За какие рамки не готов выйти кандидат в губернаторы Иркутской области Михаил Щапов?
Депутат Госдумы и кандидат в губернаторы Иркутской области коммунист Михаил Щапов дал интервью газете «Коммерсант» и рассказал корреспонденту Андрею Винокурову о том, в чем, по его мнению, разница между местным политиком и федеральным назначенцем, а также о том, готов ли он продолжать курс своего однопартийца Сергея Левченко. Приводим текст интервью без сокращений.
— Вы долгое время работали в ФСБ, то есть на стороне власти. Почему потом вы выбрали КПРФ? Это, конечно, системная партия, но как-то привычней, когда силовики уходят в «Единую Россию»?
— Мне кажется, это шаблонный взгляд, что те, кто за государство — в ЕР, а те, кто в оппозиции — в КПРФ. В жизни все сложнее. Оппозиция — это тоже про сильное государство. Оно не может без здоровой оппозиции, как организм без иммунитета. Чем оппозиция адекватней, активней, тем государство крепче. Она такой фильтр, который вовремя проверяет все решения. Мы часто видим, что оппозиция поднимает какие-то темы, а правительство и президент их отбивают, объясняют свои решения. И тогда мы идем дальше. Но бывает, что выявляется слабость решения, они исправляются, и мы избегаем плохих последствий. Я государственник, большую часть жизни проработал в ФСБ и знаю, что такой государственный интерес. При этом я искренне считаю, что сильное государство заинтересовано в оппозиции. Я и до своего прихода в политику понимал, как устроена политическая система. В общем-то я и пошел в политику защищать интересы региона и людей, которые в нем живут. А единственная партия, которая этим реально занимается, — это КПРФ, хотя я и не буду ругать другие партии. Но на мой взгляд, последовательность партии, самоорганизация процессов в ней делают ее безальтернативной — по крайней мере для меня с точки зрения участия. Не формального и карьерного, а искреннего
— Тяжело дался переход от непубличной деятельности к полностью публичной? Почему решились? Что было самым сложным?
— Тяжело. Но у меня появился к этому интерес, потребность. После службы я пришел в специфический бизнес — сельское хозяйство. Я почувствовал интерес и желание что-то поменять. Самым тяжелым был переход к публичности. Но если есть понимание, что тебе это надо, то это вопрос техники.
— Губернаторские выборы — это большая публичная работа. В своей тарелке себя чувствуете, когда проводите встречи?
— Это зависит не от масштаба, а от того, что здесь я нахожусь в своей среде. Общаюсь с людьми, которых очень хорошо понимаю, мы занимаемся практическим решением задач. Например, по Байкалу и лесу, по строительству социальных объектов. С точки зрения кампании, она никак не поменяла режим моей деятельности. Чуть ее уплотнила только с точки зрения графика.

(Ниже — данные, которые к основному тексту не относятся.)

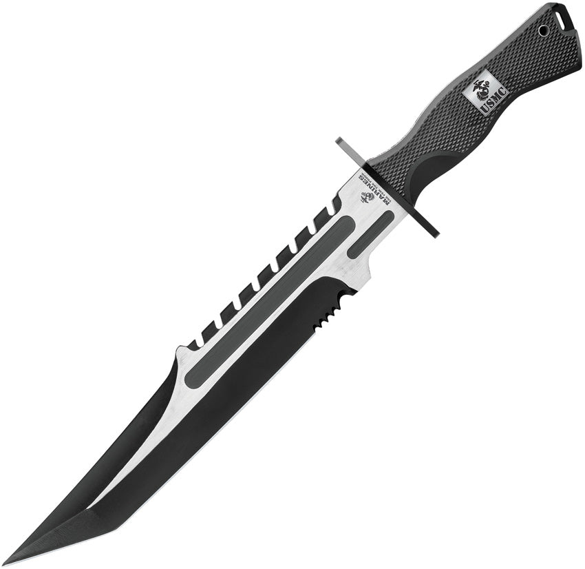 16.5" (41.91cm) overall. 10.75" (27.31cm) two-tone finish partially serrated stainless tanto blade. Black TPU handle. Steel guard. Lanyard hole. Sawback... Read more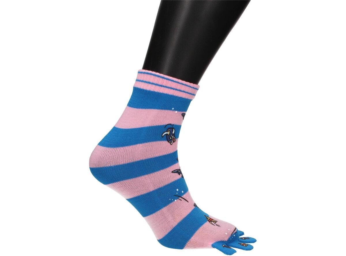 Ponožky Toe Socks Růžovo-Modré s designem jsou ideální pro každodenní nošení nejen v zimním období. Tyto ponožky mají barevnost, pestrost, originalitu a styl. Ponožky Toe Socks jsou ideální volbou nejen pro muže a ženy, ale i pro kluky a dívky. Disponují barevnou stálostí i při opakovaném praní a jsou z kvalitní 80% bavlny, tento design si zamilujete. Při výrobě jsou použity vysoce kvalitní materiály a to výhradně bavlna.
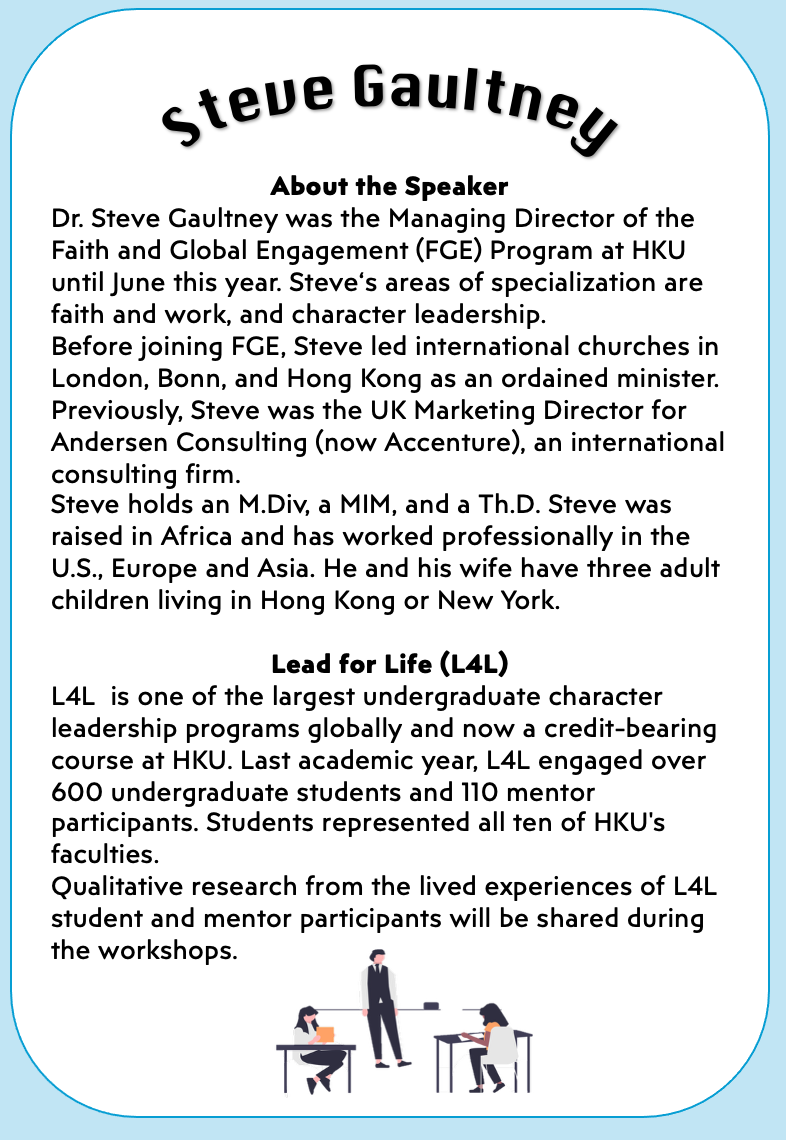The workshops are led by Dr. Steve Gaultney, one of the founding designers of HKU’s flagship leadership program, Lead for Life (L4L). L4L is one of the largest undergraduate character leadership programs globally and now a credit-bearing course at HKU. Last academic year, L4L engaged over 600 undergraduate students and 110 mentor participants. Students represented all ten of HKU's faculties. Qualitative research from the lived experiences of L4L student and mentor participants will be shared during the workshops.

— Федеральные эксперты говорят, что вы поздно начали кампанию и у вас невысокая узнаваемость, которая не позволяет наравне оппонировать врио губернатора. Согласны с этим?
— У этого процесса была своя формальная логика. Партийная конференция прошла только в конце июня, меня выдвинули только 27-го. С этого момента я мог заниматься кампанией. Ее старт выбирал не я, а мои однопартийцы. Насколько поздний старт и невысокая узнаваемость влияет на исход? Безусловно, влияет. Если бы начать этим заниматься за год, можно было бы целенаправленно поднимать узнаваемость. Но не считаю это критичным. Если есть что сказать, то можно успеть и за это время. Я верю в жителей Иркутской области и в то, что они способны разобраться и принять верное решение. Я не сильно верю в технологии, но верю в земляков, в их здравый смысл и искренность. То, что действительно влияет на разницу в позициях, так это то, что вести кампанию от лица действующего руководителя региона — безусловно, преимущество. И с точки зрения узнаваемости, и ресурсов, задействованных опосредованно. Но и у нас огромная фора — нам действительно есть что сказать людям, я знаю их проблемы.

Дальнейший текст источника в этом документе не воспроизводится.